# How do I grow plant stuffs??? Can you start a thread about it??



## Scleropages (Apr 3, 2012)

Yer... here ya go...

How to grow "moss" in a tank / enclosure thingy.

Get a tank thingy...... add 2 inches of a 10-20mm clay gravel stuff like seachem Oxyx sand stuffs.







Add some organic non nasty pesticide free coir peat stuffs or potting mix without all the evil stuff in it, around 2 inches or so.






Add some lovely rocks.. or branches or whatevers..






Then find some moss (scrape it of the driveway .. buy it from an aquarium shop etc)






Add moss and let the moss grow under a nice light ( most Aquarium bulbs will grow plants) for a few weeks until it turns nice N green:











Add plants etc.... water a few times a week with a sprat bottle , check water by checking how wet the Gravel under the substrate is... easyness!

Then do it on a bigger scale:






The end.....

Told ya I suck at "how too threads" plants are like anything.... Give them food / water and Ideal conditions and they grow N stuff.... 

Stuff stuff stuff etc...

I like turtles.


----------



## Sinners121 (Apr 3, 2012)

Its awesome thank you!!!!!
and ive subscribed


----------



## kr0nick (Apr 3, 2012)

That was perfect. Schleropages. Easy to understand and straight to the point. I might try the moss idea on my GTP display enclosure, I was thinking of making A foam wall then sticking peat moss or that brown stuff you used on top of your rocks. Thanks mate


----------



## tyson001 (Apr 4, 2012)

simply but surprisingly very helpful thank you

(now off to find some moss)


----------



## Skitzmixer (Apr 4, 2012)

thats awesome! Looks really good.


----------



## thepythonguy (Apr 4, 2012)

nice good looking setups

i've had limited success with some ferns and fiscus nothing to the scale of your tanks tho


----------



## Jande (Apr 4, 2012)

Thanks for the info, it's definitely going to come in handy!


----------



## Scleropages (Apr 4, 2012)

I like moss's. Moss's is good.


----------



## Sinners121 (Apr 4, 2012)

what are the plants in the upscale one?


----------



## Scleropages (Apr 4, 2012)

Sinners121 said:


> what are the plants in the upscale one?

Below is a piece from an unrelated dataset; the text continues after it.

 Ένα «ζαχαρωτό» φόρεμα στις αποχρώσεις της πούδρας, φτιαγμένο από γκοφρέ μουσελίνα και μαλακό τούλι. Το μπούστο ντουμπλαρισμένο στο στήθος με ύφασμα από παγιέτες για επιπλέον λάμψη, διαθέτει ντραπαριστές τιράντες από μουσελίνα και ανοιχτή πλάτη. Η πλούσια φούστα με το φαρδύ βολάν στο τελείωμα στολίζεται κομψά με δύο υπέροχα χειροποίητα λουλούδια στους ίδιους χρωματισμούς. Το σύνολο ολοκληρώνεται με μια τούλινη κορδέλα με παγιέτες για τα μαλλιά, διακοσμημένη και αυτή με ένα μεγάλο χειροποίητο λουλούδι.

Most are Bromeliads, I needed hardy plants for a pair of scalaris.


----------



## tyson001 (Apr 4, 2012)

i was so surprised went into my front yard and did a proper look found a whole load of moss.


----------



## GeckPhotographer (Apr 4, 2012)

When you say aquarium globe what do you mean? Also do they then need lighting still after you've set them up?

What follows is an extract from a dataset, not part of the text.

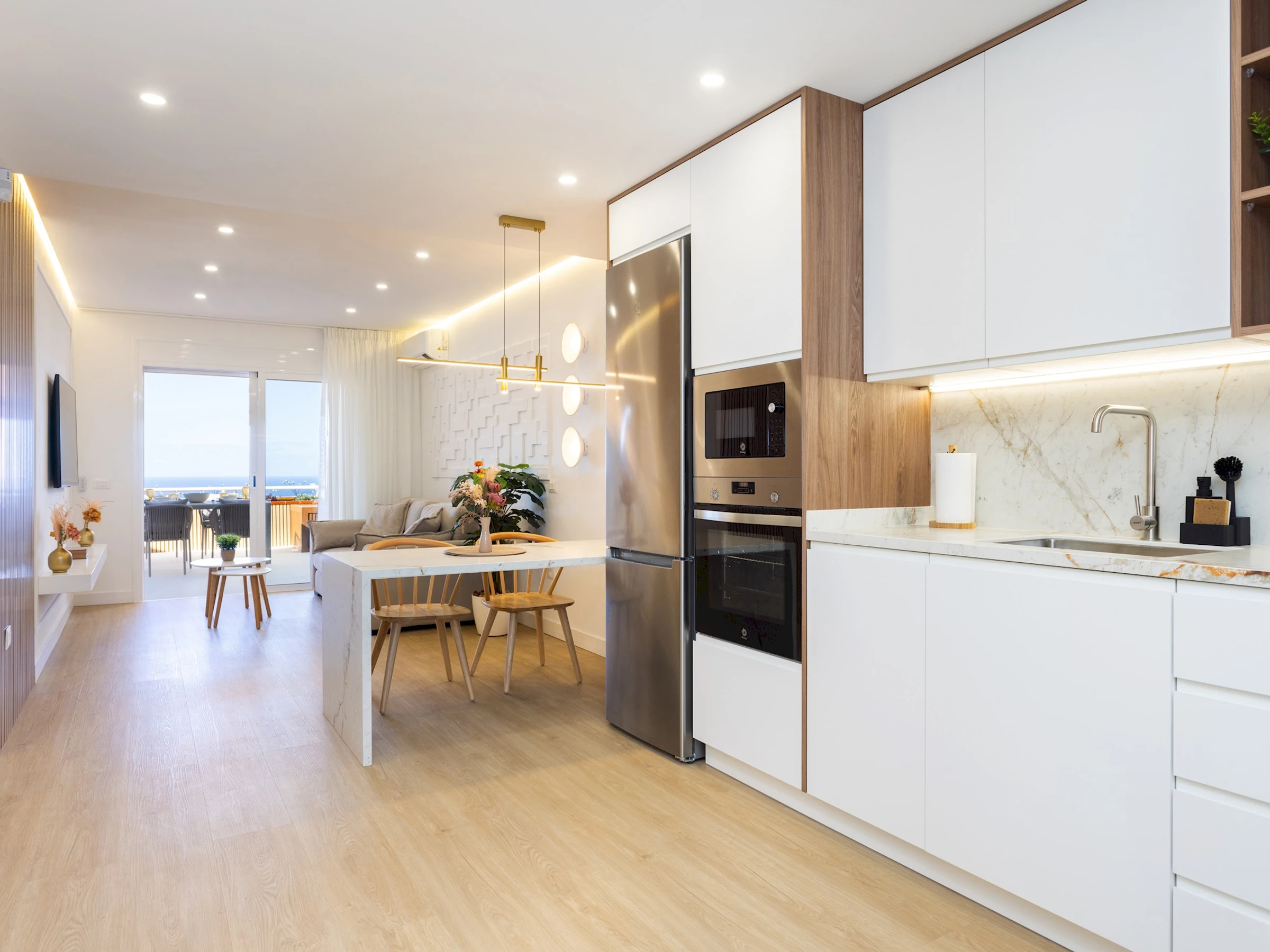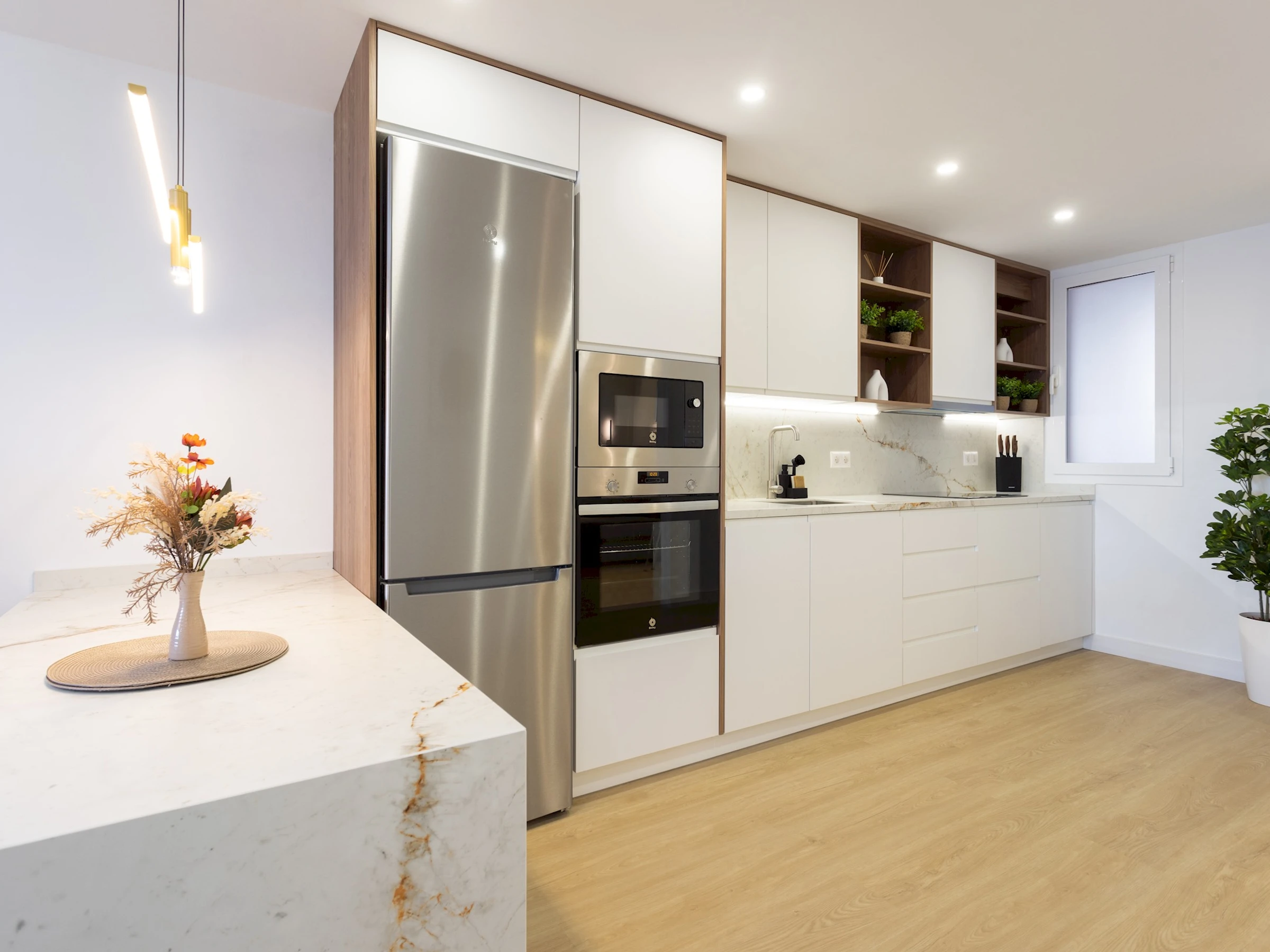 Dieses küche, ist ausgestattet in mikrowelle, backofen, spülmaschine, kochutensilien und kaffeemaschine.

Do you have any drier live plant setups? etc


----------



## Scleropages (Apr 4, 2012)

GeckPhotographer said:


> When you say aquarium globe what do you mean? Also do they then need lighting still after you've set them up?
> 
> Do you have any drier live plant setups? etc



Anything from 6000K to 10000K.
Yup.
Nup not atm.


----------



## GeckPhotographer (Apr 4, 2012)

Ok thanks. Sucks that they still need lighting and that I don't keep any rainforest animals in display tanks. Let me know if you do some nice drier themed enclosures that look as amazing as yours often do.


----------



## tyson001 (Apr 6, 2012)

how long do you find it takes the moss to spread.


----------



## Scleropages (May 6, 2012)

Moss growing up the glass walls....
And a few other tank pics...


----------



## Jarrod_H (May 6, 2012)

Very cool.


----------



## mudgudgeon (May 6, 2012)

Looks great. How often do you have to get the lawn mower in there and do some pruning?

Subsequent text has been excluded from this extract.